Кончилось, казалось бы, ничем. На самом же деле за эти короткие десять лет Россия «дополучила» от Запада все остальные его «ценности», не дававшиеся нам до этого три века, которые раньше не сумела то ли понять и оценить, то ли переварить и усвоить. Очень многие из наших граждан, попавших «как кур во щи» в нищету «шоковой терапии», потерявших работу, достойное положение, идеалы, надежды, источники пропитания и выживания, даже не заметили этих эпохальных событий. Казалось бы, ничего особенного не происходило, только стало вдруг голодно, и кругом воцарился развал и криминал.
Однако тогда под обветшалую вывеску декоративного при коммунистах Верховного Совета вливалась свежая струя подлинного парламентаризма. Политический плюрализм в России становился реальностью. Пришедшая ей на смену через несколько лет Государственная Дума представляла уже созревающую многопартийную демократию. Мнение народа действительно уже начинало «иметь значение». Им, конечно, можно было по-прежнему манипулировать, но это стало уже достаточно хлопотно и затратно, как, например, во втором туре выборов на второй срок президента Ельцина. Тем не менее, «зачатие» политического плюрализма в России успешно произошло, не отторгнуто сразу и не убито, плод начал развиваться и теперь, всем на удивление, он действительно созрел.

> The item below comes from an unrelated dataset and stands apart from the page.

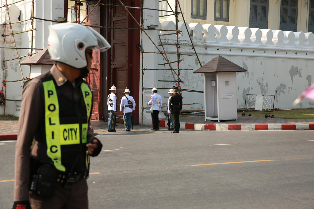 坐BTS的Silom线在Saphan Taksin站下车,Exit 2; 然后坐湄南公交船Chao Phraya Express Boat,班船认清旗帜橙色公交船到Tha Chang N9码头:电子屏显示船到时间。穿出大排档区就可以看到大皇宫,

Одновременно раскрепощались средства массовой информации. Из робких, обслуживающих власти пропагандистов, они медленно, но верно превращались сначала в охотников за «жареным», но постепенно и в правдивых комментаторов — по возможности, конечно — а затем и в «воителей» за правду, как ее понимал каждый. Идеалом у них была, конечно, западная «свобода слова», которой они поклонялись со студенческой скамьи. Но за хорошие деньги готовы были и на любые подлоги и провокации, как это бывало на «независимых» телеканалах, когда их хозяевам это требовалось.